My body is screaming with pain and I want so much to steal a few OXYs. But I just keep thinking about how one pill… just one pill can start something I don’t want to go thru again. I know if I act on this craving, it could really end up bad.
But what if I just eat one 5mg pill…, Would I feel it? Would I notice it? Would a low dose even take my physical pain away? If I feel it, I WILL want more. If I give in, it opens the door to lying, stealing, addiction and worse. It’s just not worth it, but the temptation is so strong right now. It’s scary how easily the addict in me can take over. It would be so easy to go get the bottle right now.

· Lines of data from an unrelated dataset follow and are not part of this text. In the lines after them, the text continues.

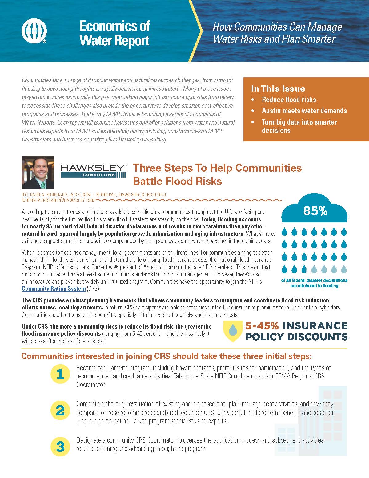 Communities face a range of daunting water and natural resources challenges, from rampant flooding to devastating droughts to rapidly deteriorating infrastructure. Many of these issues played out in cities nationwide this past year, taking major infrastructure upgrades from nicety to necessity. These challenges also provide the opportunity to develop smarter, cost-effective programs and processes. That’s why MWH Global is launching a series of Economics of Water Reports. Each report will examine key issues and offer solutions from water and natural resources experts from MWH and its operating family, including construction-arm MWH Constructors and business consulting firm Hawksley Consulting.
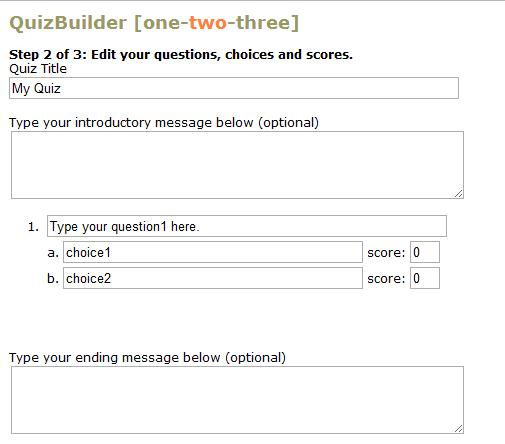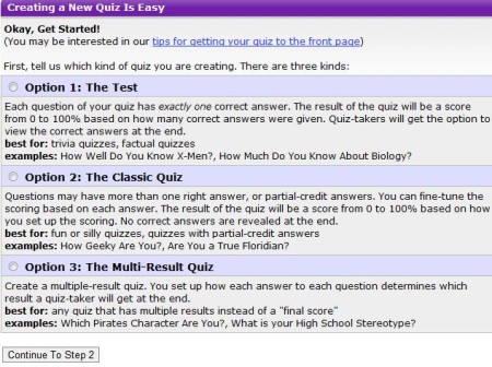 The second website to make quiz online is QuizBuilder. The website has a very simple to understand three-step procedure to create your own quiz. You have to begin by adding simple details like number of questions in a quiz, number of options per question. Such details have to be filled before you move on and enter all the questions. The quiz that you create on this website can be posted on your blog or website. You just have to provide the details of your blog and the quiz will appear on it.
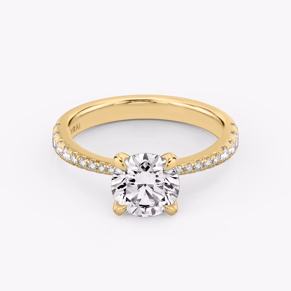 Modern meets vintage-inspired in this twist on our Classic engagement ring setting. The platinum or solid gold setting is tapered at the head, creating clean lines that draw attention to the solitaire VRAI created diamond. Four curved prongs solely caress the center stone, allowing light to enter from all directions for maximum brilliance.
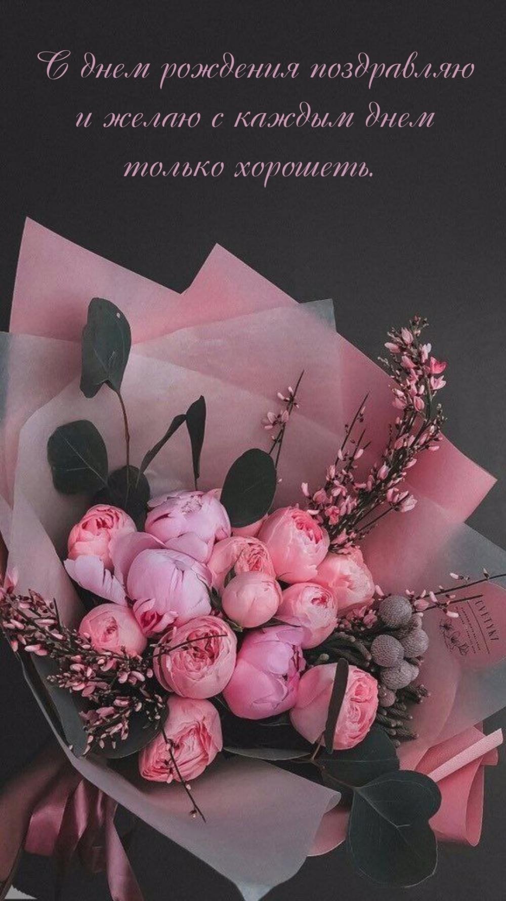 стильная открытка с днем рождения пионы
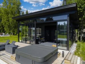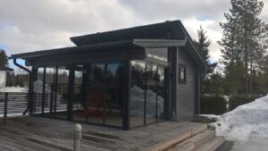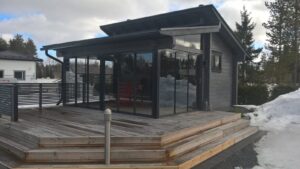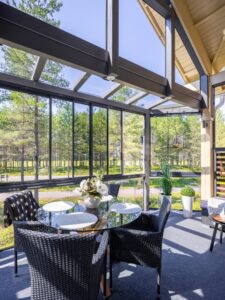 Lasiterassi mahdollistaa oleskelun ja maisemien ihailun säästä riippumatta. Etenkin lämmittimien avulla terassikautta voi jatkaa hyvin aikaisesta keväästä erittäin pitkälle syksyyn.
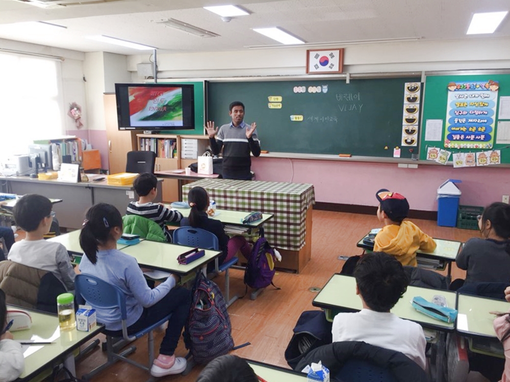 사진1. 지난 11월 인도인 유학생 비제이씨가 '찾아가는 세계문화 이해교육'을 진행하고 있다.
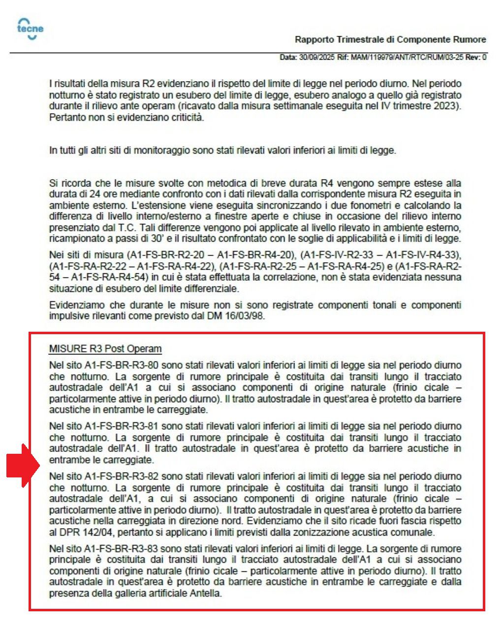 L’ultimo rapporto trimestrale (luglio-settembre 2025) redatto da Tecne per Società Autostrade analizza nel dettaglio l’impatto acustico dei cantieri e del traffico veicolare sulle abitazioni.

I want to cut so bad. I want to hear the tearing sound that the razor makes and I want to see the first drops of blood seep out. I want to feel the rush of my emotions leaving me… rolling down my arm and dropping to the floor. I want to feel the anguish of living leave.
I haven’t felt it this strong in a very long time. It’s been building and building and I’ve been aware of it. Dismissing it thinking I can control it. Thinking that I’m healed of this somehow, but I’m not. Not in the least bit.
You will get through this. The urge is there, it is strong, but you are stronger, okay?
I would like to encourage you to let your boyfriend know about this. That the knowledge that these pills are present at home is triggering something difficult. He could make sure that the pills would be somewhere you wouldn’t know. He could help you be accountable and resist the urges that way. Do you think this could be possible? <3
As for the razor, if you could get rid of it, that would be great! You don’t need the knowledge of it being there torture you. Of course it could be fixated on something else. But for now, you don’t need razors at home. I’ve had myself to throw away a few belts through the years. It was frustrating, but always worth it. What would be wasted, would be to use those things to hurt ourselves. Not to throw them away for our own safety. It’s okay.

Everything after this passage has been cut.